**Task objective:**
For this task, copy all of the data below exactly and skip the pictures.

**Source data:**
++++++

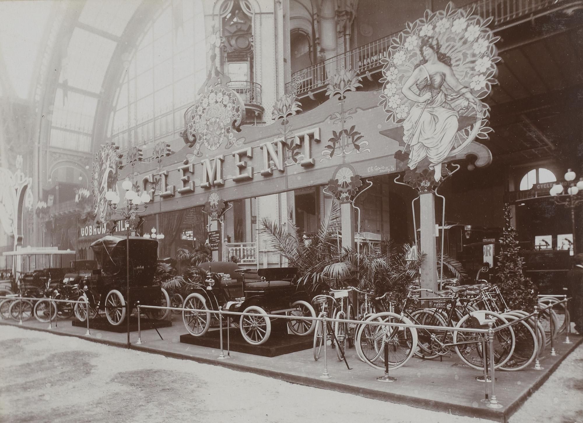 Stand Clément, Salon de l’automobile, du cycle et des sports, Paris, 1901 : du vélo à l’automobile, une industrie en mutation.
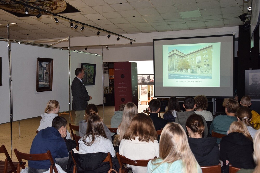 Na zakończenie uczniowie zostali oprowadzeni po stałej ekspozycji muzeum, dzięki której mogli zobaczyć pamiątki związane z historią regionu i postacią kardynała Hlonda.
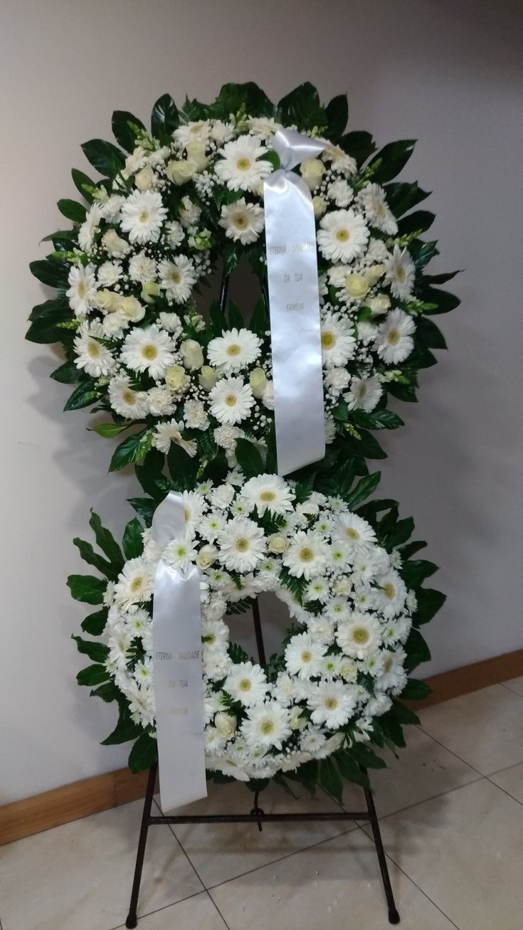 Vòng hoa đôi được thiết kế cân đối với hai vòng tròn trắng tinh khôi, tượng trưng cho sự vĩnh hằng và lời tiễn đưa trọn vẹn. Đây là cách bày tỏ sự thành kính, cảm thông sâu sắc và gửi gắm lời cầu nguyện cho người đã khuất được an nghỉ. Sự hiện diện của vòng hoa đôi giúp không gian tang lễ thêm phần trang nghiêm, trân trọng.
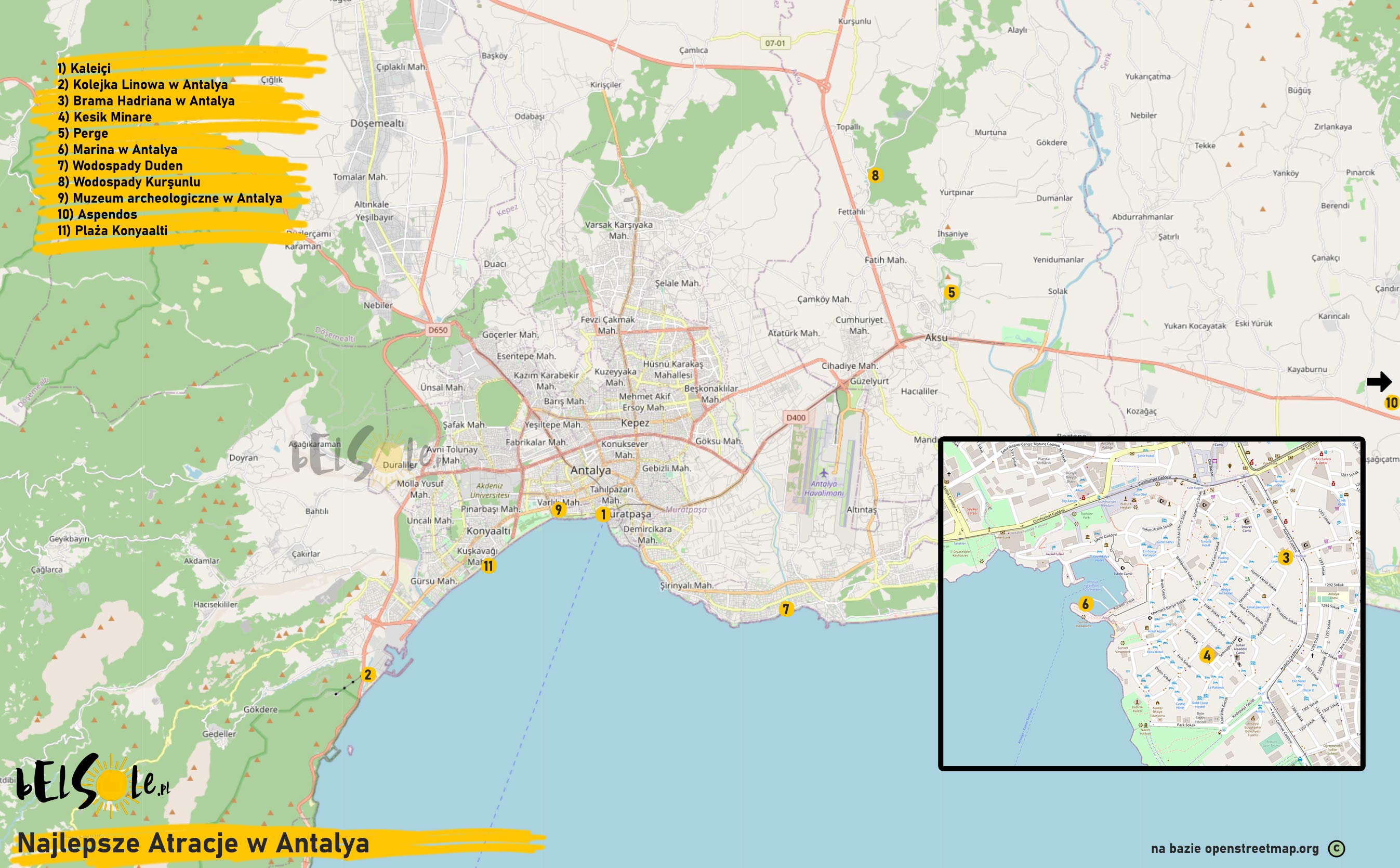 Oto lista atrakcji, które warto zobaczyć w Antalya w 2024: 1) Kaleiçi 2) Kolejka Linowa w Antalya 3) Brama Hadriana w Antalya 4) Kesik Minare 5) Perge 6) Marina w Antalya 7) Wodospady Duden 8) Wodospady Kurşunlu 9) Muzeum archeologiczne w Antalya 10) Aspendos 11) Plaża Konyaalti

++++++

**Finished task:**
 Stand Clément, Salon de l’automobile, du cycle et des sports, Paris, 1901 : du vélo à l’automobile, une industrie en mutation.
 Na zakończenie uczniowie zostali oprowadzeni po stałej ekspozycji muzeum, dzięki której mogli zobaczyć pamiątki związane z historią regionu i postacią kardynała Hlonda.
 Vòng hoa đôi được thiết kế cân đối với hai vòng tròn trắng tinh khôi, tượng trưng cho sự vĩnh hằng và lời tiễn đưa trọn vẹn. Đây là cách bày tỏ sự thành kính, cảm thông sâu sắc và gửi gắm lời cầu nguyện cho người đã khuất được an nghỉ. Sự hiện diện của vòng hoa đôi giúp không gian tang lễ thêm phần trang nghiêm, trân trọng.
 Oto lista atrakcji, które warto zobaczyć w Antalya w 2024: 1) Kaleiçi 2) Kolejka Linowa w Antalya 3) Brama Hadriana w Antalya 4) Kesik Minare 5) Perge 6) Marina w Antalya 7) Wodospady Duden 8) Wodospady Kurşunlu 9) Muzeum archeologiczne w Antalya 10) Aspendos 11) Plaża Konyaalti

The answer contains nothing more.